Code, models, and corpus of non-restrictive noun phrase modifications.
Published in "Annotating and Predicting Non-Restrictive Noun Phrase Modifications" (Stanovsky and Dagan, ACL 2016)
To get the annotated corpus, you'll first need to obtain the CoNLL 2009 corpus from LDC (specifically, we'll use CoNLL2009-ST-English-train.txt).
Once you get it, run:
./generateCorpora.sh CoNLL2009-ST-English-train.txt
This will generate the corpus (train, dev and test splits) in the "corpus" directory.
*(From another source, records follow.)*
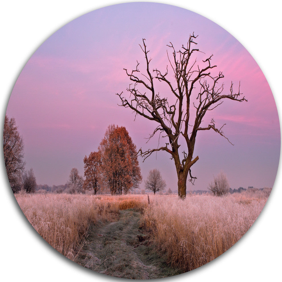 Bring Contemporary Abstraction to your home with this large Circle Metal wall art. This Fairy Autumn Sunrise with Lonely Tree Metal Artwork makes it the focal point of any room or office.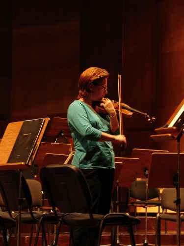 The day before recording, violinist Rebekah Binford rehearses alone in János Richter Hall. János Richter Hall, Győr, Hungary (20 September 2007) |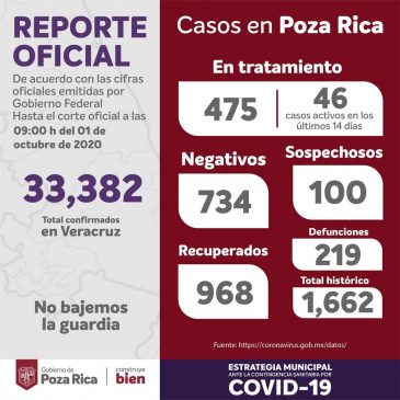 Sin embargo, en el portal coronavirus.gob.mx/datos/ al seleccionar exclusivamente al municipio de Poza Rica, a las 20:26 horas de este mismo 03 de octubre, la Secretaría de Salud no había actualizado las cifras, por lo que se mantenían las del 02 de octubre.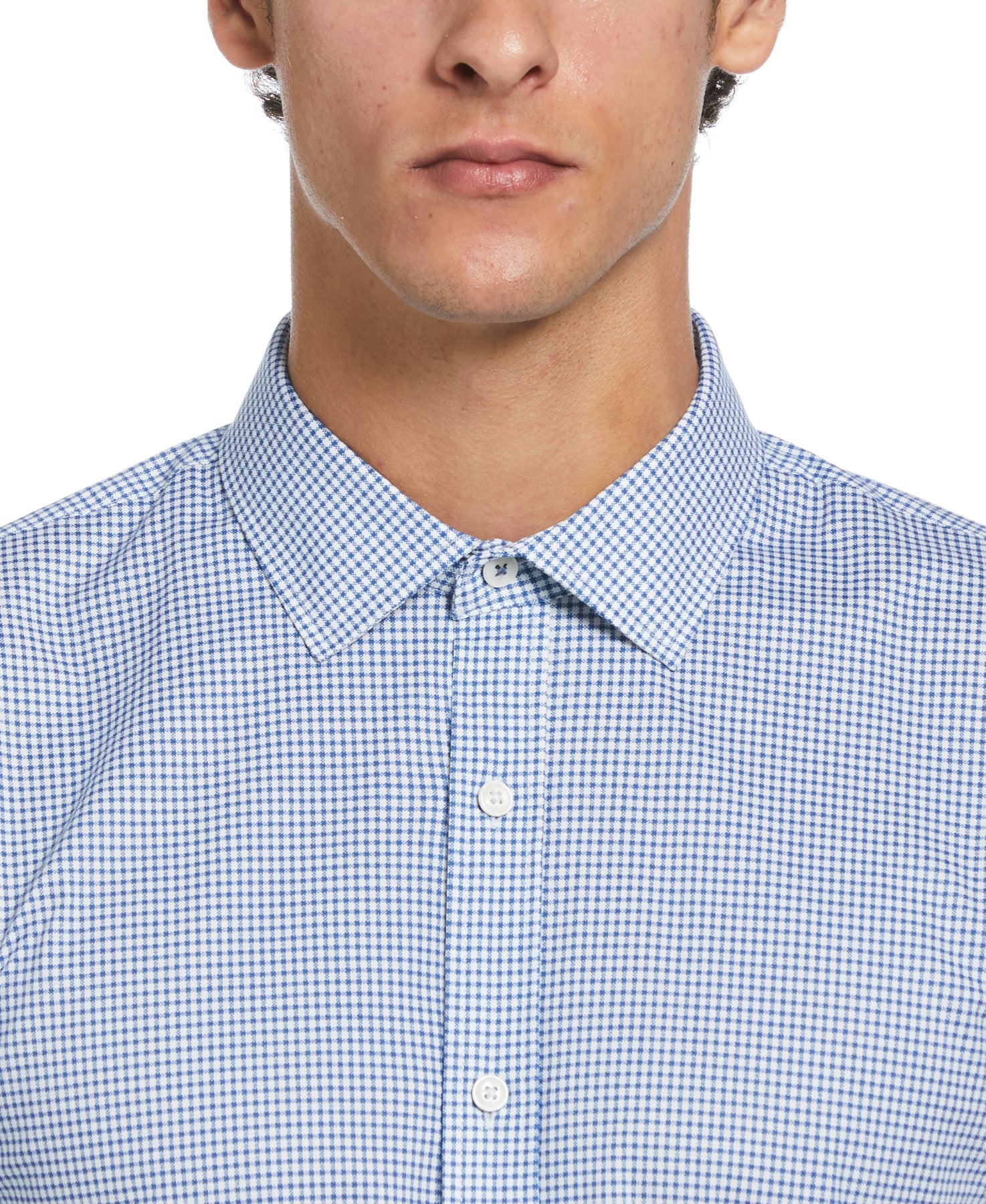 Unleash your inner micro-manager with this slim-fit dress shirt. Made from a 60-40 blend of cotton and polyester, its jersey fabrication is sure to keep you comfortable all day long. With a point collar and micro check print, you'll be the sharpest dresser in the office.

The corpus will be generated in the corpus directory. Each CoNLL token will contain these additional two fields:
-
Restrictiveness, which has the following possible values: * RSTR -- Marking a restrictive modifier. * NON-RESTR -- Marking a non-restrictive modifier. * _ -- Marks an un-annoated token.
-
Modifier Type, marking the type of this modifier. Has the following possible values (see paper for example and evaluation):
- _ -- This token is not a modifier.
- APPOS-MOD -- Appositional modifier.
- INF-MOD -- Infinitival modifier.
- POSTADJ-MOD -- Postfix adjectival modifier.
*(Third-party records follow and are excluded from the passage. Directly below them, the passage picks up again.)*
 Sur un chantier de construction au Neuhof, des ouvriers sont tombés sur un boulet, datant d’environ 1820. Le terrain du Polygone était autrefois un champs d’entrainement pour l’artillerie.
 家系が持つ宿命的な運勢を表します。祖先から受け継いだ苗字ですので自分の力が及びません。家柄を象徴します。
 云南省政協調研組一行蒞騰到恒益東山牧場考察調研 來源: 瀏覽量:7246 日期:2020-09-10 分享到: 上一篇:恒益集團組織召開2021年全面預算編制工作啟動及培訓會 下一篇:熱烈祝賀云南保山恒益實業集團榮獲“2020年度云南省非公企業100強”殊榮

- PP-MOD -- Prepositional modifier.
- PREADJ-MOD -- Prefix adjectival modifier.
- PREVERB-MOD -- Prefix verbal modifier.
- RC-MOD -- Relative Clause modifier.
-
classifiers -- Contains the code for the classifiers described in the paper.
-
diffs -- The diff files which, in conjunction with the CoNLL data, generate our annotated corpus.
-
features -- The CRF features for each of the training instances, used to train both CRF models.
-
models -- Pre-trained models, acheiving the results described in the paper.